Nevzat, kulubenin önünde volta atarken Jeremus'un anlattığı efsaneyi düşünüyordu. İki çılgın dahinin uğruna sayısı belli olmayan insanları kurban ettiği bir efsaneydi bu ve daha bir çok can daha uğruna verilecekti. Merak edip:
'Tüm bunların gerçek olma ihtimali nedir, Jeremus?' diye sordu.
Jeremus, oturduğu yerden kalkıp İnegöl'ün uçsuz bucaksız gibi görünen dağlarına baktı. Dudaklarını sıkıp, Nevzat'a yaklaştı. Kısık bir sesle, bir sır verirmiş gibi konuşmaya başladı:
'İlginç yanı da bu. İhtimaller, gerçek olmanında ötesinde.' dedi Jeremus ve birkaç adım atıp devam etti:
'Deneklerin delirdiğini, akıllarını yitirdiklerini biliyorsun. Peki neden o duruma geliyorlar, bunu biliyor musun? Çünkü görünüşte oldukça basit görünen bu madde, benim hazırladığım karışımla birleşince deneklerin beyninin hafıza kısmını tetikliyor. Yani denekler sadece normal bir insandan daha güçlü hale gelmiyorlar. Aynı zamanda daha önce bu maddeden etkilenmiş olan birinin anılarını da beyinlerine alıyorlar. Ve zamanla kişilik bölünmesi gibi sorunlar baş göstermeye başlıyor. Sen bu durumu hiç yaşamadın çünkü seni yardım için hayatta tutmak istedim. Hızlı, sağlam, dayanıklı, öldürmekten çekinmeyen bir asker olarak kalmanı istedim. Fakat diğerleri... onların şansı yoktu.

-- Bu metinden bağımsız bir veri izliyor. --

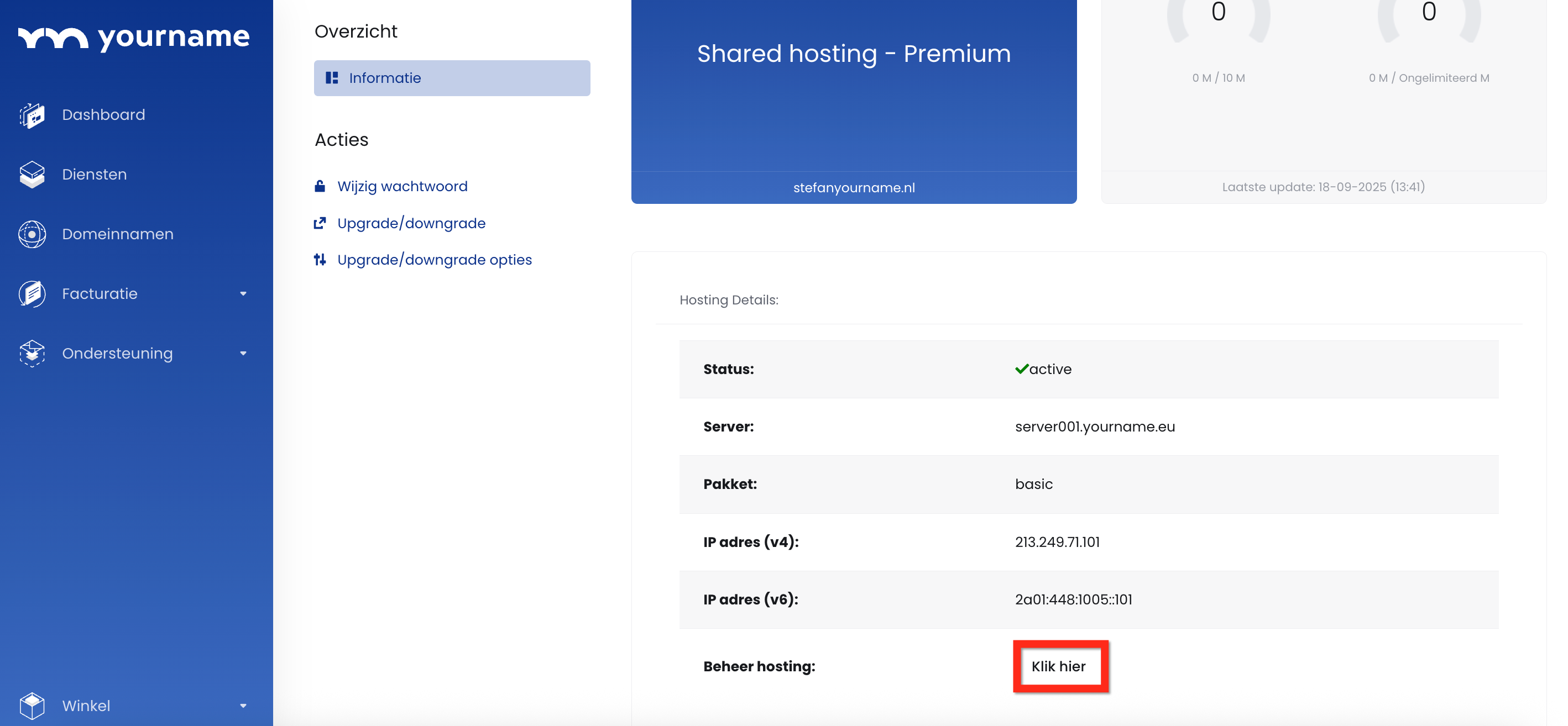 5. Scroll naar beneden en klik op Klik hier achter Beheer hosting

Ve Onbir, efsanede bahsedilen Firavun'un Oğlu'nun anılarına sahip. Yani onlarca devasa mavi taşın yerini biliyor. Bir ordu kurmaya, hayal edilemez güçte silahlar yapmaya yetecek bir kaynak. Yani burada tek bir ihtimal var, düşük olan bir ihtimal: Onbir'i Serkan'dan önce bulmalıyız ve kaynağı yok etmeliyiz. Nasıl yok ederiz bilmiyorum ama denemeliyiz.'
Anlattıklarından sonra derin bir nefes alan Jeremus, kulubeye yöneldi ve Nevzat'a beklemesini işaret etti. Nevzat Jeremus'un anlattıklarından sonra konuyu düşünmeyi bırakmıştı çünkü kafasında pekte bir soru işareti kalmamıştı. Tüm bu olanlar, öğrendikleri ve yaşadıkları onun için sıradan bir günün bir parçasıydı. Bunlara alışıktı.
Ve tüm bunlara alışık olmasının berbat bir durum olduğunu biliyordu. Normal insanlar gibi dehşete kapılmak onu şuanda mutlu edebilirdi. Fakat o çoktan kafasının içinde türlü planlar yapmış, hayatta kalmak ve Onbir'i bulmak için direnmeye başlamıştı.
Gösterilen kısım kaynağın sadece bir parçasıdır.